■ **WORK TASK**: The lines from the one holding "Surabaya – Usai" to the final line of the listing below are to be duplicated exactly, with both ends included and pictures omitted.

■ **TASK MATERIAL**:
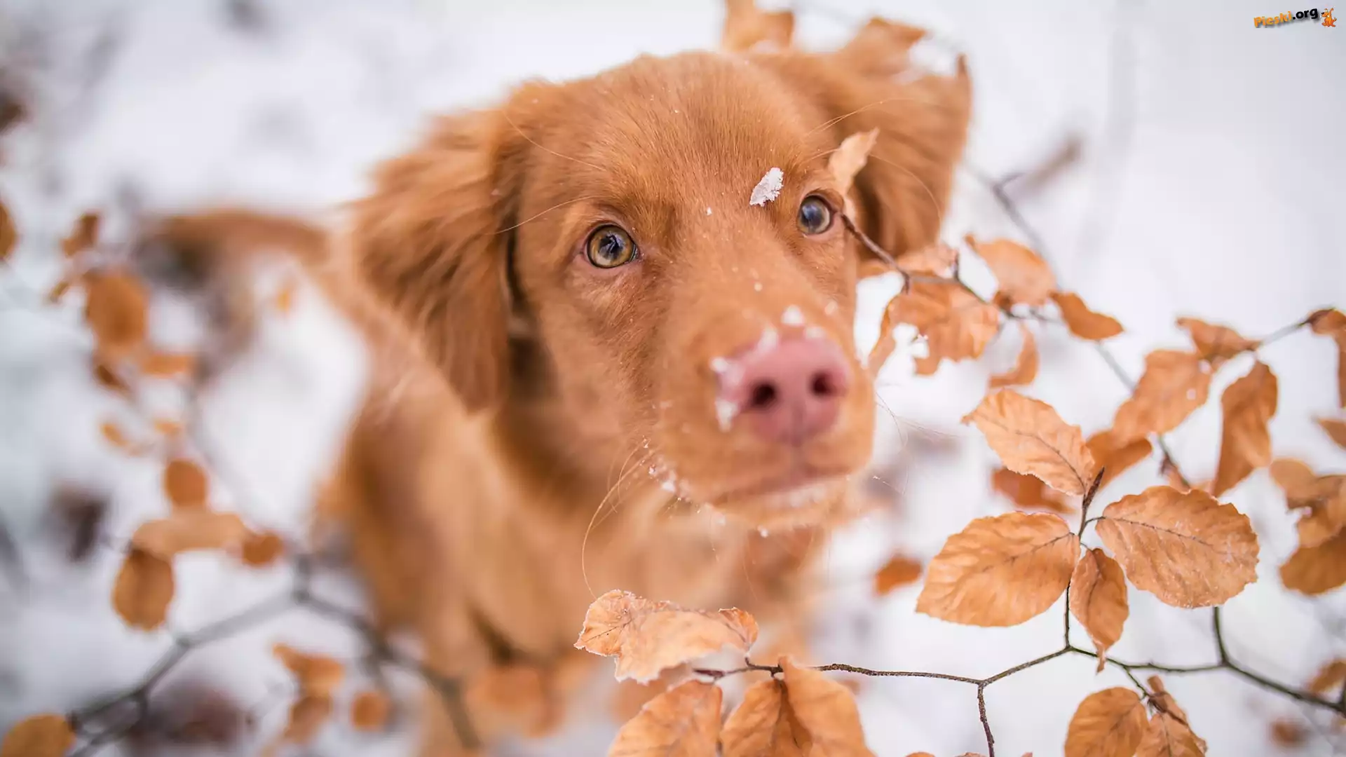Liście, Retriever z Nowej Szkocji, Pies, Mordka, Śnieg, Pieski
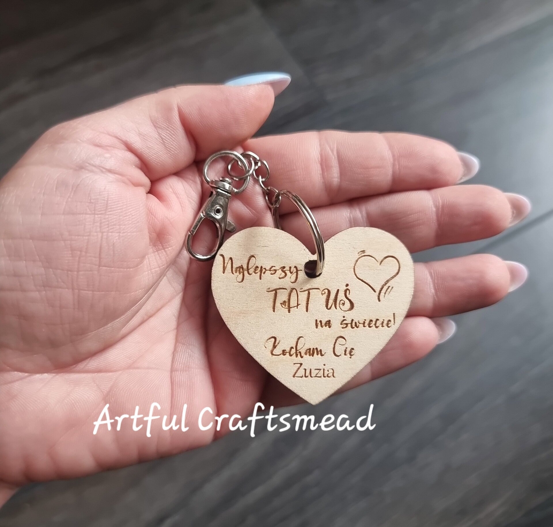 Słowa kluczowe: breloczek dla taty, prezent na dzień ojca, drewniany breloczek serce, personalizowany brelok, prezent od dziecka, kocham cię tato
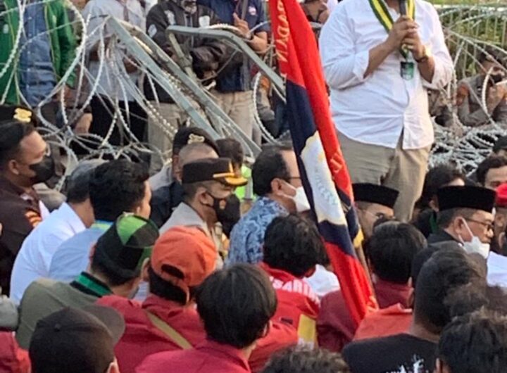 Surabaya – Usai ditemui oleh Walikota Surabaya, Eri Chayadi di depan gedung Balai Kota Surabaya, masa aksi...
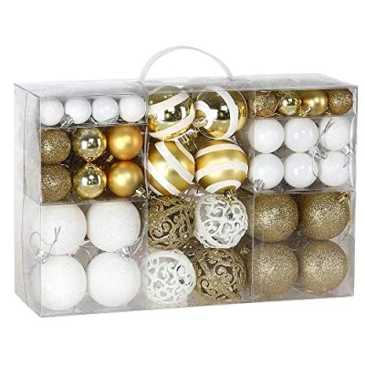 Decorate your Christmas tree with this set of 100 balls in different sizes Ø 3/4/6 cm. The balls are made of plastic in different decorations with glossy and matte surfaces. They are equipped with hook and d indicated to decorate Christmas trees both inside and outside. Supplied in a handy PVC box to store after use and store them safely and prevent them from spoiling and relinquishing. Color: White and Gold
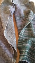 シルクウールの紡績糸(市販)に手紡ぎのウールを合わせて織りました。

■ **RESPONSE BOX**:
 Surabaya – Usai ditemui oleh Walikota Surabaya, Eri Chayadi di depan gedung Balai Kota Surabaya, masa aksi...
 Decorate your Christmas tree with this set of 100 balls in different sizes Ø 3/4/6 cm. The balls are made of plastic in different decorations with glossy and matte surfaces. They are equipped with hook and d indicated to decorate Christmas trees both inside and outside. Supplied in a handy PVC box to store after use and store them safely and prevent them from spoiling and relinquishing. Color: White and Gold
 シルクウールの紡績糸(市販)に手紡ぎのウールを合わせて織りました。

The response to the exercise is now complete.